JC - Sempre fez elogios à primeira gestão Melo, mas o que poderia ser diferente?
Betina - Eu vejo o Sebastião Melo como o melhor prefeito porque eu moro em Porto Alegre. Muitas vezes cobram do Melo nesses quatro anos como se tivesse sido um período de uma primavera florida, sem nenhum problema. Se esquecem que o Melo pegou uma cidade fechada por conta da pandemia, com uma arrecadação bastante reduzida em função de tudo isso, muito embora o governo federal tenha colocado o respaldo que foi muito importante no completamento das diferentes entradas. Mas ele pegou a cidade fechada, teve ciclone, teve enchente e ainda assim o Melo fez 260 quilômetros de asfalto, aumentou em muito as equipes de atenção primária em saúde, conseguiu fazer com que a cidade ficasse mais segura - e isso aí não é uma questão de opinião, são números. Então realmente teve várias coisas que melhoraram, mas tem muita coisa que ainda tem que ser realmente feita. Temos que melhorar toda a parte que envolve a educação, temos que melhorar o fluxo e a agilidade com relação ao atendimento de saúde na parte de especializações. Então, justamente vendo isso tudo, eu estou participando agora do que é que está sendo nomeado o Escritório de Transição. A ideia é colocar na mesa o que funcionou bem, o que está em encaminhamento, o que tem a oportunidade de melhoria, como que isso vai melhorar, como que isso vai gerar entrega boa.
JC - Assume como vice-prefeita em janeiro, mas no curto prazo tem a estruturação da próxima gestão no Escritório de Transição. Qual será seu papel?

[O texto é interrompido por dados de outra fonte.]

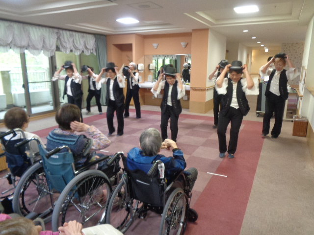 最後に「草津よほほい節」を入居者様と一緒に踊り、
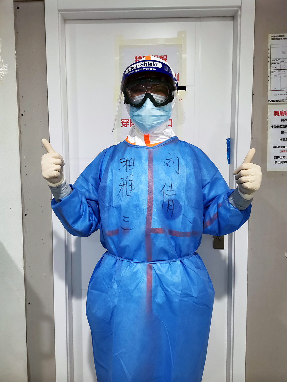 慢慢地,我们第六组开始融入到紧张有序的工作当中,上下班的路上大家互相鼓励。进出医院,穿脱防护服也是互相检查。印象最深的就是平常和蔼可亲的成湘红老师做起防控工作十分严格,每次给我们检查防护装备都会一丝不苟,一遍又一遍,生怕漏出一丝缝隙。还有我们的组长李守根老师,一个不拘小节的大老爷们儿,也会细心地给我们的护目镜涂洗手液,防止起雾,甚至费力地蹲身给我们一个个确认鞋套是不是绑紧。
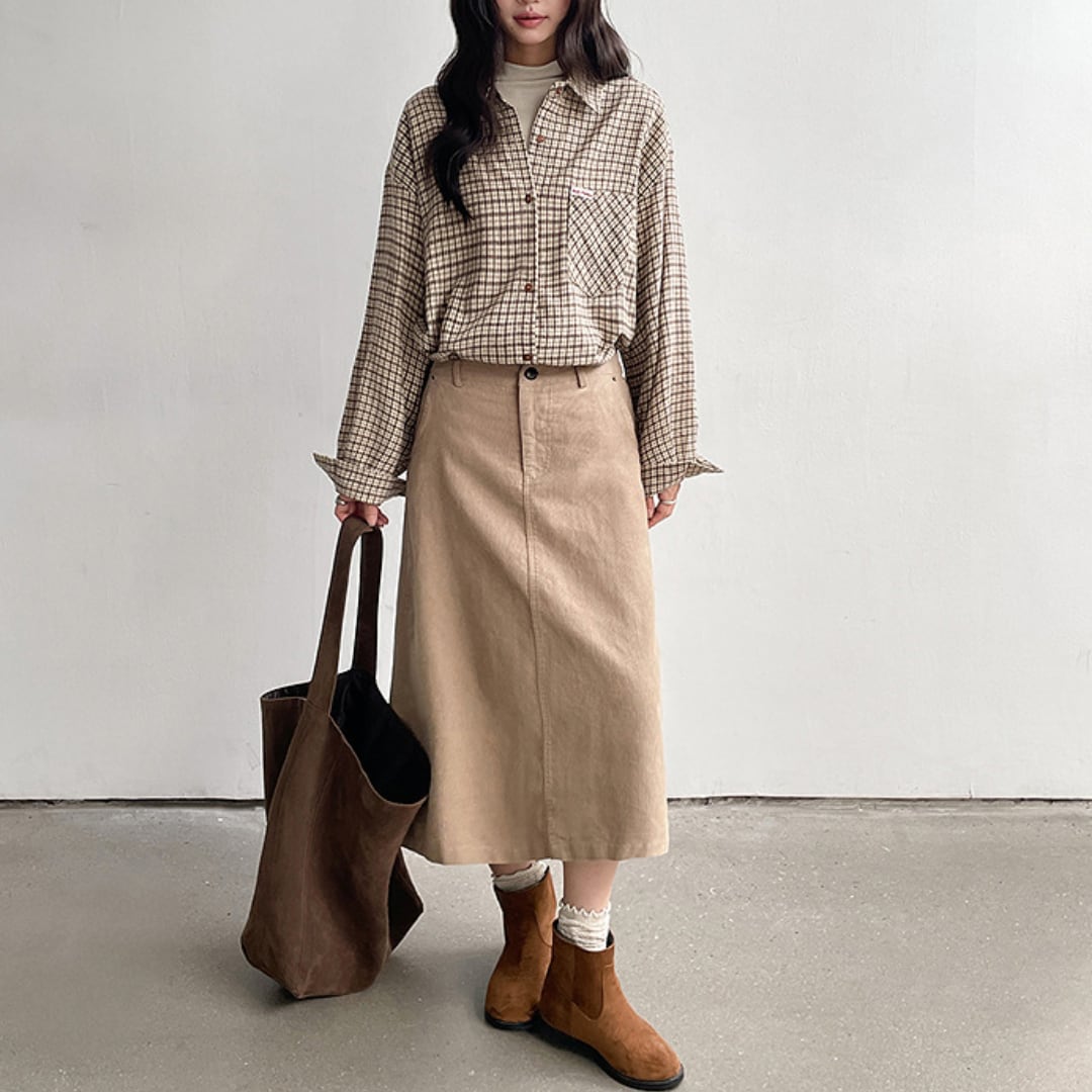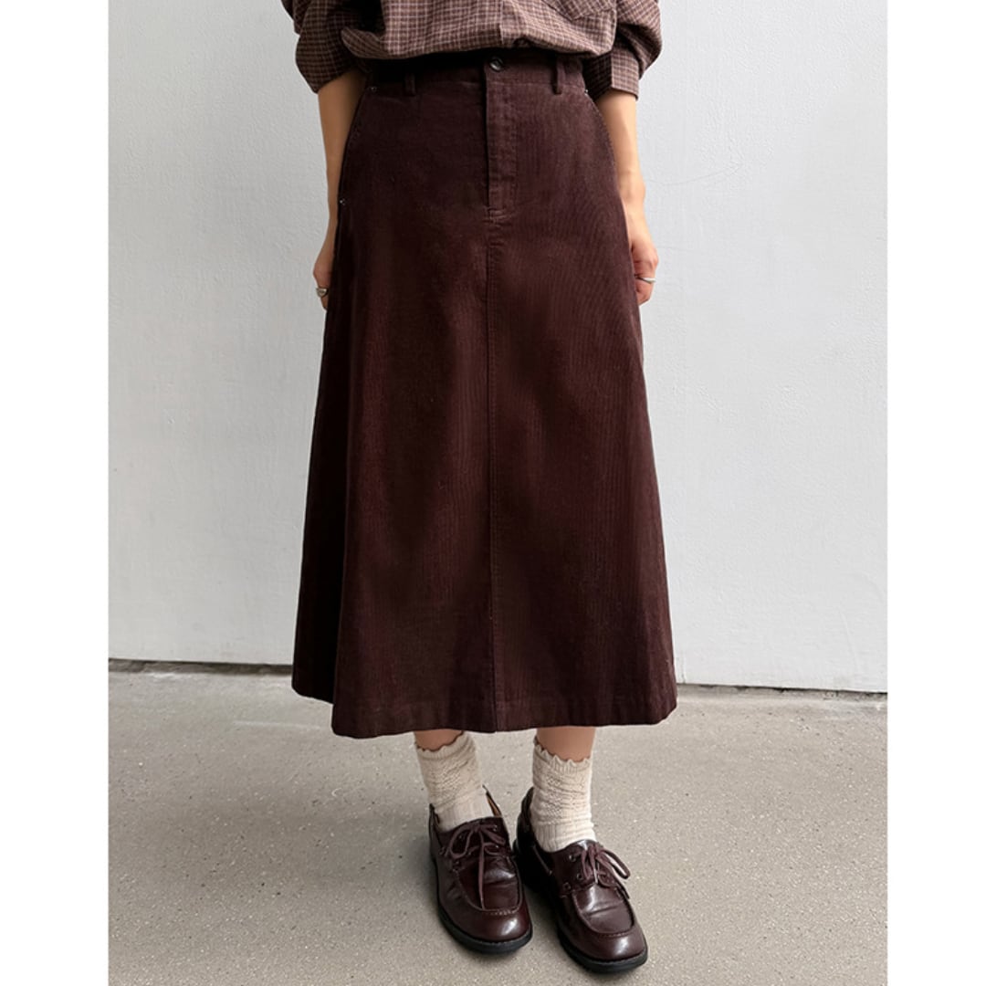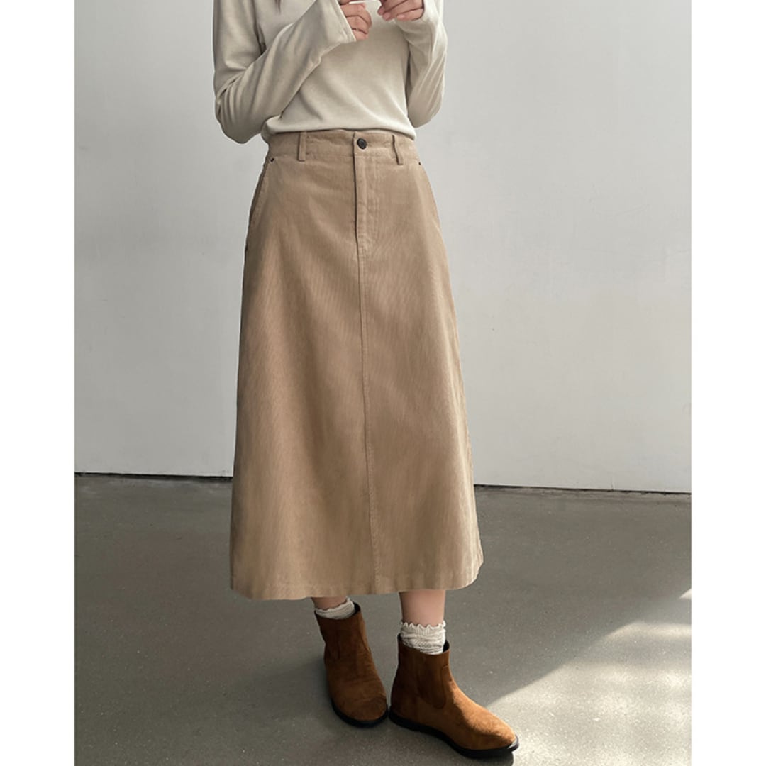 A-line silhouette corduroy midi skirt G944

Betina - O meu papel é acompanhar, dar as minhas ideias de acordo com o que eu acho que pode ser colocado em prática, trazendo a minha experiência, não só de Exército, mas da minha experiência de vida e de cidadã. Eu acho que essa reeleição vai ser preciosa para a cidade, porque é alguém que conhece a cidade, as pessoas, a máquina, viu o que funcionou, viu o que não funcionou e está aberta para buscar soluções eficientes e melhores. Para mim vai ser uma oportunidade de ouro, porque eu já vinha conversando com as secretarias, vendo como que a coisa funciona e tal, como que é o rol dos responsáveis em termos de recursos, como funciona a administração. E agora nesse escritório a gente vai poder reunir tudo num lugar só.
JC - Melo já anunciou que cumprirá os quatro anos de mandato. Mesmo assim, a política é dinâmica, e no caso de o prefeito renunciar para se candidatar a outro cargos, se sente pronta para comandar o Executivo?
Betina - Eu ainda não estou preparada, mas eu vou ter pelo menos dois anos para estar, então a gente vai lidar com um problema de cada vez. Por enquanto é conhecer bem a máquina, ver o que pode ser feito. Tenho certeza que a gente vai ter um apoio bem grande para que as coisas sejam viabilizadas. A Câmara vai mudar um pouco em 2025, mas eu levo fé que o diálogo e as construções vão ser mantidas. Acho que tem interesse de todos, até porque todo mundo que está lá foi eleito e, se foi eleito, quer que a cidade melhore. Então acho que todos juntos vamos conseguir melhorar.
JC - Ao fim do mandato, como pretende ser lembrada pela população? Que marca quer deixar?
Betina - Eu tenho certeza que eu vou ser reconhecida como a primeira mulher eleita vice-prefeita de Porto Alegre. Mas eu gostaria muito que, associado a esse título, eu esteja associada a uma boa gestão, a uma boa administração, a uma administração limpa, correta, efetiva, com mais entregas do que antes e que eu possa ter orgulho de sair na rua.